University of Chicago had been my first choice from the start, not because it is well known, but because of the small undergraduate student body, a location in a city with a rich history and culture, the reputation of its international relations program, the Hogwarts-esque architecture, and opportunities for research (thanks to a high demand for research assistants for graduate students). I also liked its quirky undergrads, whose motto is: "If I had wanted an A, I would have gone to Harvard" and who organize the largest scavenger hunt in the world. I spent a lot of time on Facebook and online discussion boards speaking with current students at University of Chicago. This gave me different perspectives on social and academic life there.

Saying no to Virginia Commonwealth University and University of North Carolina Chapel Hill was extremely difficult. I grew up with these two schools and both acceptances were elating. Since the cost of attendance at the three colleges was nearly identical, I decided not to go with these schools because University of Chicago offered all that I wanted.

My ups and downs

Organization was the most challenging part of preparing 14 applications. The Common Application was a godsend, but the supplements were overwhelming. With ten different essays to write, I made sure to compose my essay for the University of Chicago (the first and most difficult essay I wrote) in such a way that I could use it for nearly all of my essays. A head start on the essays during the summer allowed me to focus more time on my academics and the logistics of the applications.

What I learned

Keep it simple.

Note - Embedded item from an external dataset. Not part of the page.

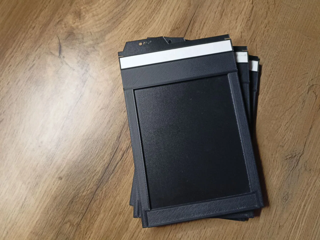 Phiên bản 9x12cm của Standard film holder 4x5", dùng dark slide 0.5mm cắt từ bìa nhựa đen A4. In không cần supports, có seal nhung cho lỗ dark slide. V2 tối ưu khe 0.5mm, dài hơn và có template .svg.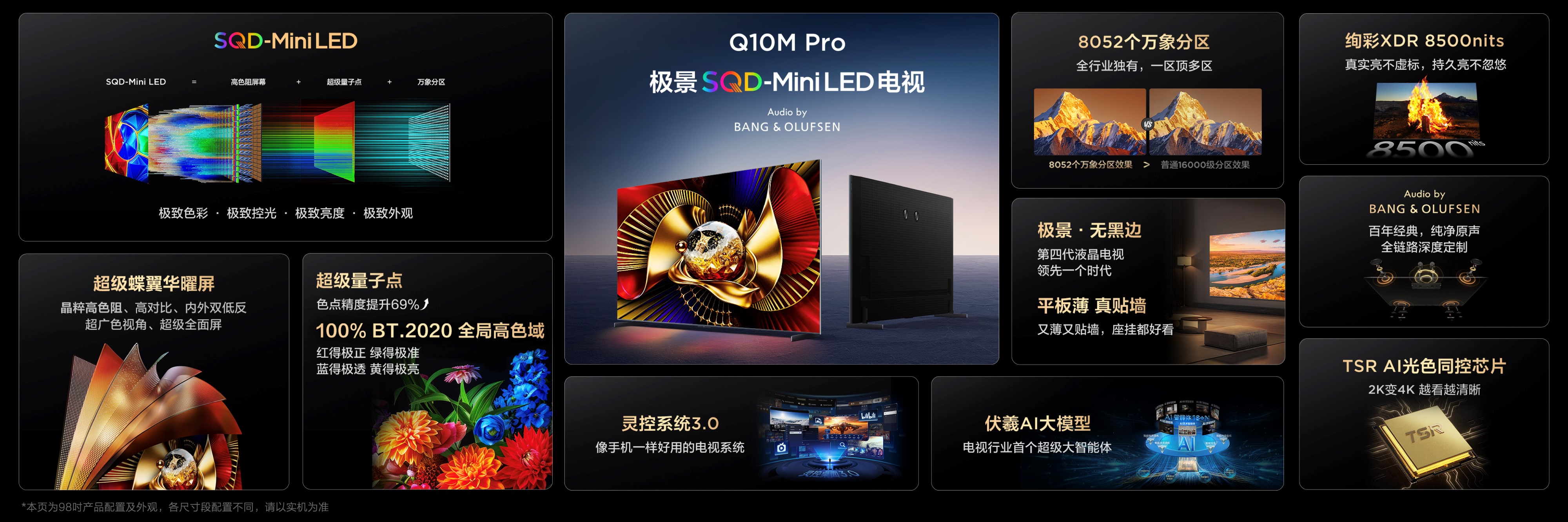 作为技术集大成者,Q10M Pro完整继承了与X11L同源的SQD-Mini LED全套解决方案,将“画质铁三角”拉满。其中,98吋版本拥有高达8052个万象分区,绚彩XDR峰值亮度达到8500nits,配合100% BT.2020全局高色域,无论是观看HDR大片、玩3A游戏,还是欣赏4K纪录片,都能带来沉浸式的视觉体验。设计上,Q10M Pro采用好评如潮的“极景·无黑边”外观,以近乎100%的屏占比和超薄机身,成为家居环境中的美学标杆。体验层面,其搭载与Bang & Olufsen深度定制的专业音响系统、灵控系统3.0以及融合多家主流AI能力的伏羲大模型,同时配备满血HDMI 2.1接口,实现了音画体验与智能交互的全维度升级,满足影音发烧友与高端用户的极致需求。

The college admissions process is very stressful, but it's only as stressful as you allow it to be. You've done all you can do by the end of your junior year (unless you decide to take standardized tests at the beginning of your senior year). After submitting your applications, realize that you have no control over what happens. Just make sure you call your admissions counselor and introduce yourself, even if you're shy. From February to mid-March, forget about applying to college and enjoy your last year in high school.

The money factor

Thankfully, I am getting excellent financial aid from the university. Grants, scholarships, and work-study will cover most of the costs. I will have to work another job, along with my work-study, to help my parents cover their contribution, but working for my education will help me value it more.